Rachel looked at the cigarette in her hand as if she couldn’t remember how it had gotten there. Finally, she put it to her lips and took a long pull, holding the smoke as if it was the very air of life in her lungs. Finally she exhaled, and when she spoke, her voice had calmed considerably. “All right, I don’t accept this, but because this is my delusional episode, I’ll play along. You’re a vampire. Am I correct in assuming that?”
De Vries smiled and nodded.
“Okay, now that I’m sure I’ve fallen over the deep end, just go ahead and lay it on me. What have you got to do with Warren, and why did you call him by the wrong name?”
De Vries was silent for a moment. “Miss Harlan, there are things I wish I could spare you, but I want you to listen to everything I have to say and to keep an open mind. The man you know as Warren Storey, a very talented artist, is actually Warren D’imato, and he is something else entirely.”
Rachel sighed. “Why would he lie?”
Once again, de Vries was surprised. “You aren’t familiar with the name D’imato?”
She shrugged. “Should I be?”
De Vries sat next to her and was impressed when she didn’t shrink away from him. “This is going to seem a bit far-fetched to you, but your Warren is a very rich man and the son of a powerful corporate honcho. He is also the nephew of Marco D’imato, who is head of the D’imato family. The D’imatos are sole owners of Fratellanza, Inc., a provider of private security in Seattle and other cities across UCAS. They’re not Knight Errant by any stretch of the imagination. but that hasn’t prevented them from making Fratellanza immensely profitable. Warren is a rich, rich man.”
Rachel laughed “Far-fetched? That’s a huge understatement. You must be mistaken.”
“Miss Harlan, understand this, I’m neither mistaken, nor crazy. It’s obvious that Warren has been hiding these facts from you. Most likely in an effort to shield you from a very ugly situation.”
“What situation?” She took another drag on her cigarette, and de Vries noticed that the slight tremble had returned to her hand.
“You must have heard something about the mob war that went on here in Seattle? The trid was full of it.”
She sat up straight. “Are you trying to tell me Warren was involved in alt that bloodshed? You really are crazy.”
De Vries shook his head. “No.” He stood, and walked to the center of the room. “One of the reasons I’m here is that I’ve done some checking on your Warren D’imato. He wasn’t an easy nut to crack, because his self-extraction and cover were immaculately pulled off.
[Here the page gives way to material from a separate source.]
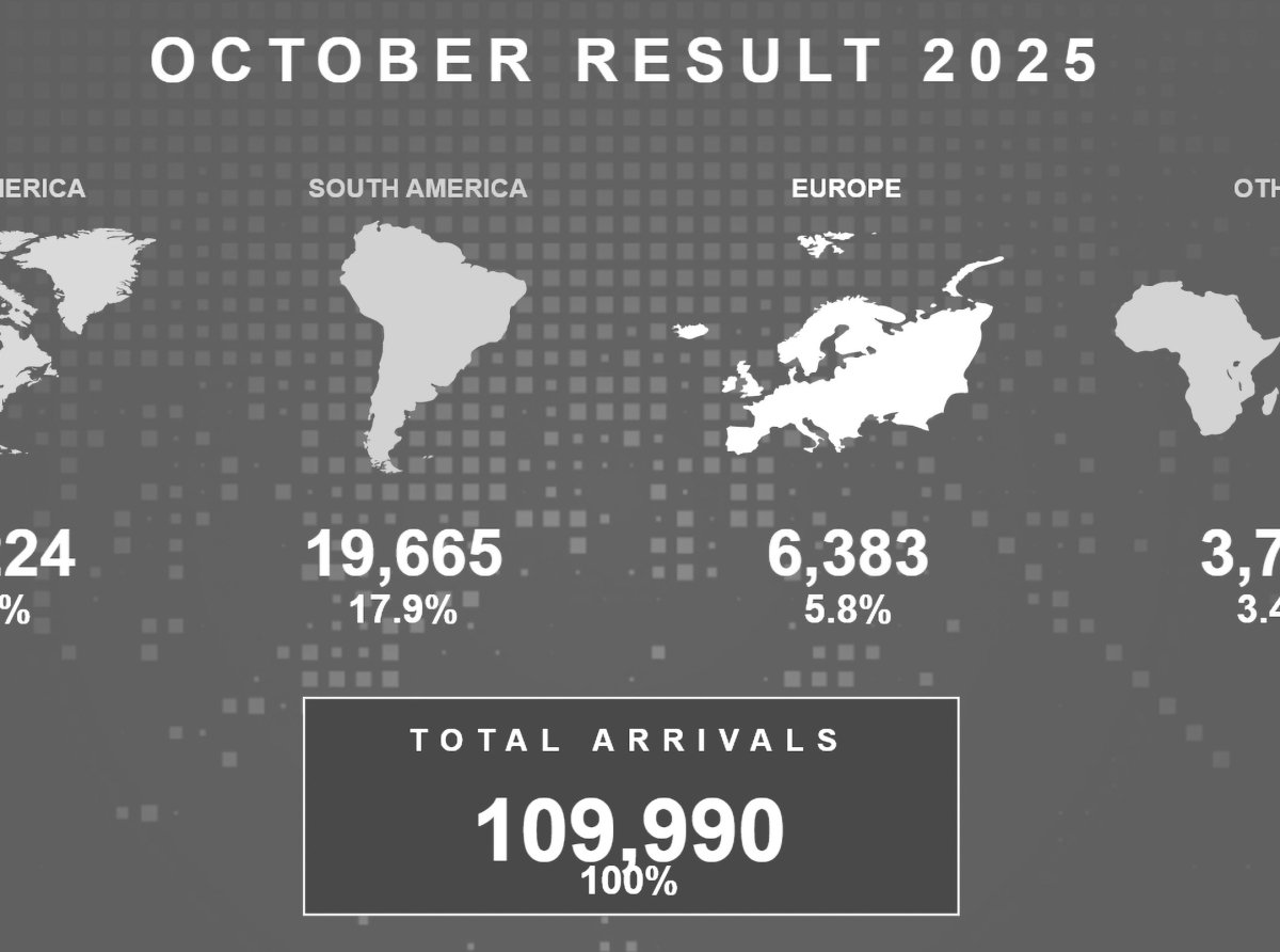 In October 2025, Aruba received 109,990 stay-over visitors, a 5.7% increase compared to October 2024, marking an additional 5,953 tourists. The most significant growth came from North America, with 80,224 visitors, followed by Latin America with 19,665 visitors (a 6.2% increase from 2024). Aruba also welcomed 6,383 visitors from Europe and 3,718 from other regions.

The only advantage I had was in knowing both identities.”
De Vries shook his head again. “No, even though Fratellanza did phenomenal business during the recent mob infighting, Warren was not personally involved. In fact, he has tried to isolate himself from the family business for some time. His uncle and his father have permitted him to disguise his identity and live apart from it all. However, I would guess that he was trying to protect you from learning things that would endanger your life.”
De Vries leaned over, stubbed out his cigarette, and pulled the holopics from his pocket. “Warren attended a funeral yesterday. Were you aware of that?”
Rachel nodded, looking at the pics in de Vries’ hand as if be were holding a viper. As if she knew what was coming and wished to avoid any proof that what de Vries said was the truth.
“Here, take a look at this.” He handed her the top picture. one of Warren is his sharkskin suit.
Rachel took it, looked at it, and flipped it onto futon between them. “So Warren owns a nice suit, so what?”
De Vries showed her the rest of the pics, explaining each one. He finished up with a close-up of Marco D’imato smiling. “And this is his uncle, the man who had Warren kidnapped.”
Rachel shuddered visibly at the look of animal cunning on that ravaged face. “Is he like you?”
De Vries took the holopic back and placed the bundle of them in his pocket. “Yes, and no. I am simply a creature of the night. He is an abomination, even compared to my kind. He plans to do to Warren what he has done to himself. If he succeeds, Warren will no longer be human, will no longer be the man you love. Do you understand this?”
Rachel slumped over, and put her head in her hands.
“Miss Harlan?”
Without looking up, she said. “Just give me a damn minute, will you? This is a lot for me to absorb in a short amount of time”
“I wish I could give you the time you need, but time is the one thing we don’t have right now. By my calculations, we have until morning to extract Warren from the place in Hell’s Kitchen where he’s being held, or it will be too late. Once started, I understand the process is irreversible.”
Rachel looked up at him, and there were tears in her eyes. “Well, then, we must go and get him. What are we waiting for?”
De Vries smiled gently. “Slow down, Miss Harlan. It isn’t quite that simple. If it was, I’d have gotten Warren out of there and delivered him back safely without involving you in any way. No, the reason I am involving you is that the place is too well-defended. I could get inside, but there’s no way I’d get out again with Warren intact. It’s going to take a full team.”
Rachel thought for a moment, then said, “I know some runners who might be looking for work, but I could never afford to pay them.”
De Vries stood and turned from her, looking around the room at all the pieces waiting to be finished. “I was hoping you would, and I’ve got a few contacts of my own here in Seattle. But for this job, we’ll need all the help we can get”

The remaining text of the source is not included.